You can use the deduplication (dedup) property to remove redundant data from your ZFS file systems. If a file system has the dedup property enabled, duplicate data blocks are removed synchronously. The result is that only unique data is stored, and common components are shared between files. For example:
# zfs set dedup=on tank/home
Do not enable the dedup property on file systems that reside on production systems until you perform the following steps to determine if your system can support data deduplication.
Determine if your data would benefit from deduplication space savings.

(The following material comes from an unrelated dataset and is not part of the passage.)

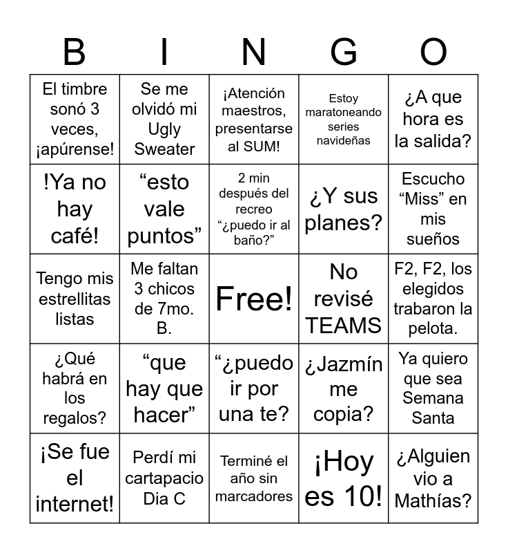 This bingo card has a free space and 28 words: Ya quiero que sea Semana Santa, ¿Ya hiciste Geducar?, ¿Y sus planes?, ¡Hoy es 10!, !Ya no hay café!, ¡Atención maestros, presentarse al SUM!, Se me olvidó mi Ugly Sweater, ¿Qué habrá en los regalos?, No revisé TEAMS, ¡Se fue el internet!, Tengo mis estrellitas listas, Estoy maratoneando series navideñas, Perdí mi cartapacio Dia C, Terminé el año sin marcadores, Escucho “Miss” en mis sueños, Ya tengo la decoración de mi puerta, “que hay que hacer”, “esto vale puntos”, 2 min después del recreo “¿puedo ir al baño?”, “¿puedo ir por una te?, El timbre sonó 3 veces, ¡apúrense!, ¡Keren y Santiago! 6ta calle., ¿Alguien vio a Mathías?, Me faltan 3 chicos de 7mo. B., F2, F2, los elegidos trabaron la pelota., ¿Jazmín me copia?, ¿A que hora es la salida? and Ya quiero que sea Semana Santa.

If your data is not dedup-able, there is no point in enabling dedup. Running the following command is very memory intensive:
# zdb -S tank Simulated DDT histogram: bucket allocated referenced ______ ______________________________ ______________________________ refcnt blocks LSIZE PSIZE DSIZE blocks LSIZE PSIZE DSIZE ------ ------ ----- ----- ----- ------ ----- ----- ----- 1 2.27M 239G 188G 194G 2.27M 239G 188G 194G 2 327K 34.3G 27.8G 28.1G 698K 73.3G 59.2G 59.9G 4 30.1K 2.91G 2.10G 2.11G 152K 14.9G 10.6G 10.6G 8 7.73K 691M 529M 529M 74.5K 6.25G 4.79G 4.80G 16 673 43.7M 25.8M 25.9M 13.1K 822M 492M 494M 32 197 12.3M 7.02M 7.03M 7.66K 480M 269M 270M 64 47 1.27M 626K 626K 3.86K 103M 51.2M 51.2M 128 22 908K 250K 251K 3.71K 150M 40.3M 40.3M 256 7 302K 48K 53.7K 2.27K 88.6M 17.3M 19.5M 512 4 131K 7.50K 7.75K 2.74K 102M 5.62M 5.79M 2K 1 2K 2K 2K 3.23K 6.47M 6.47M 6.47M 8K 1 128K 5K 5K 13.9K 1.74G 69.5M 69.5M Total 2.63M 277G 218G 225G 3.22M 337G 263G 270G dedup = 1.20, compress = 1.28, copies = 1.03, dedup * compress / copies = 1.50
If the estimated dedup ratio is greater than 2, then you might see dedup space savings.

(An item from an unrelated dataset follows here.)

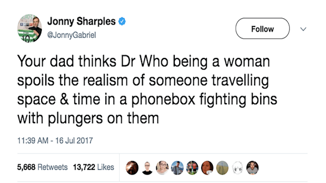 “I don’t even watch it, but the extraterrestrial being who accesses other portals in the universe by hopping into a police-phone-box-turned-space-ship should definitely be a man.” Okay, bro.

In this example, the dedup ratio (dedup = 1.20) is less than 2, so enabling dedup is discouraged.
Make sure your system has enough memory to support dedup as follows:
Each in-core dedup table entry is approximately 320 bytes.

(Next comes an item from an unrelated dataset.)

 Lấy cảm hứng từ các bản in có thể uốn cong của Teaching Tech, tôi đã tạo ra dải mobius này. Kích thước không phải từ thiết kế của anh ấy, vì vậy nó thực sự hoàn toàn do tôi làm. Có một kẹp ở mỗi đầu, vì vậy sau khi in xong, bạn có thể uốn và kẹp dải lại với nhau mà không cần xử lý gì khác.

Multiply the number of allocated blocks times 320. For example:
in-core DDT size = 2.63M x 320 = 841.60M
Dedup performance is best when the deduplication table fits into memory. If the dedup table has to be written to disk, then performance will decrease. If you enable deduplication on your file systems without sufficient memory resources, system performance might degrade during file system related operations. For example, removing a large dedup-enabled file system without sufficient memory resources might impact system performance.